-- Provided entries follows --
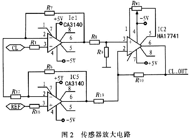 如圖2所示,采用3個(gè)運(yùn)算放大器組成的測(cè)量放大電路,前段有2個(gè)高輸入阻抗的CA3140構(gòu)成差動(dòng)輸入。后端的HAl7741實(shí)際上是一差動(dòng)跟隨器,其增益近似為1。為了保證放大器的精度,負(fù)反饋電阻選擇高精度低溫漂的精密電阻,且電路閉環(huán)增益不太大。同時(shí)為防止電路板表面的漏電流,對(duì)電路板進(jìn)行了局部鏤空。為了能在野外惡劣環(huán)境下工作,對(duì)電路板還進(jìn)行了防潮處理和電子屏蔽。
-- Provided entries concluded --
-- Provided entries follows --
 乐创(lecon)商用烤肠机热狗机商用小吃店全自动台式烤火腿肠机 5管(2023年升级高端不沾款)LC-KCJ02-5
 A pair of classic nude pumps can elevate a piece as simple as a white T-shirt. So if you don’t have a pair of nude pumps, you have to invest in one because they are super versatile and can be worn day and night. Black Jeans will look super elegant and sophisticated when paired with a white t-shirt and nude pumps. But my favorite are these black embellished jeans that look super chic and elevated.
-- Provided entries concluded --
Problem statement: With the line holding "乐创(lecon)商用烤肠机" as the first and the line holding "A pair of classic" as the last, please transcribe exactly the lines of the material above in that range and nothing else.

Solution for this task:
 乐创(lecon)商用烤肠机热狗机商用小吃店全自动台式烤火腿肠机 5管(2023年升级高端不沾款)LC-KCJ02-5
 A pair of classic nude pumps can elevate a piece as simple as a white T-shirt. So if you don’t have a pair of nude pumps, you have to invest in one because they are super versatile and can be worn day and night. Black Jeans will look super elegant and sophisticated when paired with a white t-shirt and nude pumps. But my favorite are these black embellished jeans that look super chic and elevated.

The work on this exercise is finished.